The question I’m not asking is the one that it seemed like a lot of people were answering: do mammograms PREVENT cancer? It felt like people were saying that getting a mammogram would keep me “safe”. It won’t. Mammograms DON’T REDUCE RISK. (breastfeeding does. so does regular exercise and eating a lot of vegetables. being born a guy also reduces risk, but I can’t go back in time on that one) They DON’T PREVENT CANCER. THEY ARE NOT MAGIC.
But this is what we are being fed now. We are being led to believe that all breast cancers are deadly, unless you catch them “in time”, and that THE way to catch them is with a mammogram. We are being scared shitless about breast cancer, and people are wearing stupid pink ribbons and raising money for a “non-profit” that has a lot of for-profit thoughts on its mind (http://www.huffingtonpost.com/2010/12/07/komen-foundation-charities-cure…) (and….In 2007, Komen spent 23.5% of total revenue on “Research for the cure”. In 2008, Komen spent 26.7% of total revenue on “Research for the cure”. In 2009, Komen spend 20.2% of total revenue on “Research for the cure”. — http://www.charitynavigator.org/index.cfm?bay=search.comments&orgid=4509). We are being led to believe that mammograms are NEEDED to “save” women from breast cancer, that mammos are safe, that the worst part about them is the “discomfort” from getting your tits squished, and it’s better to be “safe than sorry”.

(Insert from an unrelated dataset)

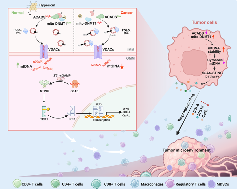 近日,陆军军医大学缪洪明教授团队在Signal Transduction and Targeted Therapy杂志发表题为Short-chain acyl-CoA dehydrogenase initiates mtDNA demethylation and leakage to fuel antitumor immunity in colorectal cancer的研究成果。 该研究发现,结肠癌细胞中的短链酰基辅酶A脱氢酶(ACADS)可通过线粒体DNMT1(mito-DNMT1) 调控mtDNA甲基化及遗漏,最终调节cGAS-STING通路依赖的肿瘤免疫微环境和CRC进展
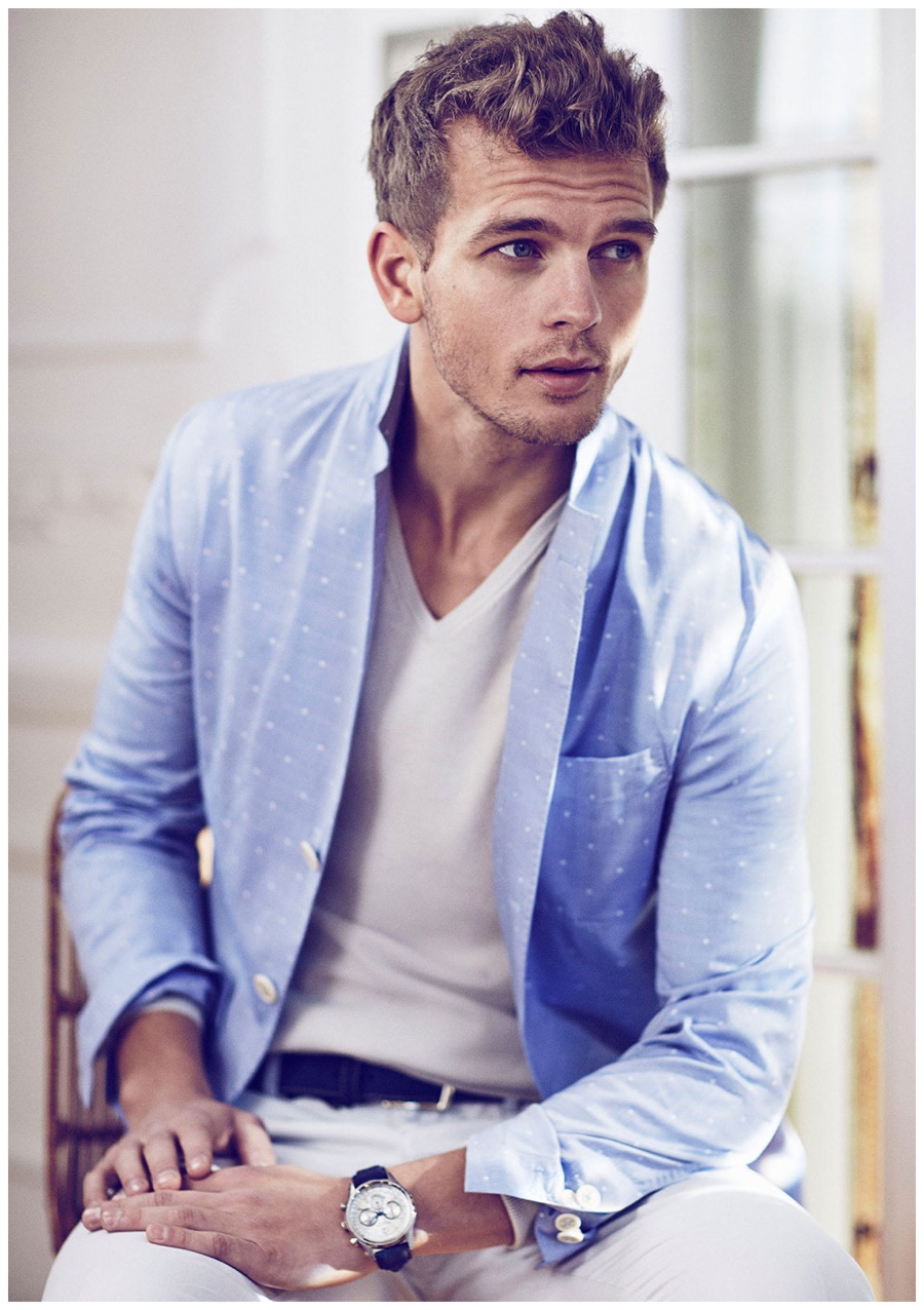 Benjamin Eidem is a casual vision in a light blue unstructured jacket.Pin

IMHO, mammograms are diagnostic tools. In a situation where a woman has certain risk factors (age, fam history, exposure to radiation), it’s probably a good idea to get a mammogram. Or some other kind of testing. But, if a person doesn’t have those risk factors, and especially if a person is adverse to having any kind of cutting of body parts happening, then a mammogram is NOT a good idea.

~ by shadeshaman on January 28, 2011.